In addition, Citi will receive a capital injection of $20 billion. As part of the capital injection, the U.S. government will receive warrants exercisable at $10.61 on 254 million shares. Given the stock closed Friday at $3.77, this is a non-dilutive deal on a per share price basis for Citi shareholders.
THIS IS THE FIRST DEAL DONE BY THE GOVERNMENT WHERE SHAREHOLDERS HAVE NOT BEEN FORCED TO TAKE HUGE HITS ON THEIR STOCK POSITIONS. Freddie and Fannie shareholders are likely to lose everything. Lehman Brothers is in bankruptcy and Bear Stearns shareholders received less than 50% of the closing price on the last day Bear Stearns traded before the government rescue. In this deal, if the warrants are exercised, the government will pay more than 280% above the closing price on Friday.
It pays to be the Robert Rubin wing of Goldman Sachs.
UPDATE: Unlike Freddie, Fannie, Bear and Lehman, no one at Citi in senior management will lose their jobs. Bobby R. has their back.
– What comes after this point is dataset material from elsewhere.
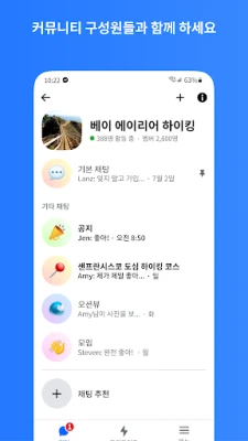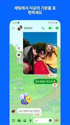 같은 관심사를 가진 사람들과 소통하며 커뮤니티를 형성해 보세요. 학교, 동네, 또는 특정 주제에 대한 그룹에 참여하여 의미 있는 교류를 나누거나, 좋아하는 크리에이터의 공지 채널에서 최신 소식과 독점 콘텐츠를 받아볼 수 있습니다. 24시간 후 사라지는 스토리로 일상의 특별한 순간을 공유하거나, 짧은 메모로 친구들에게 근황을 알리는 것도 가능합니다. 다양한 애니메이션 스티커, GIF, 공감 등으로 지금 느끼는 감정을 풍부하게 표현하고, 끊임없이 업데이트되는 다채로운 테마로 채팅방 분위기를 나만의 스타일로 꾸며보세요.

Dang RW, another nice call. BTW, what was your take on the brief window when they apparently were considering buying the assets directly from Citi?
ReplyDeleteBob,
ReplyDeleteThis s pretty close to that, even worse.
By guaranteeing the assets, Citi gets to keep any stuff that turns out good, and the gov gets to buy all the junk.
so, if Citi goes bankrupt, will that cancel out the small fortune worth's of debt I have stored up on my trusty Citi-card?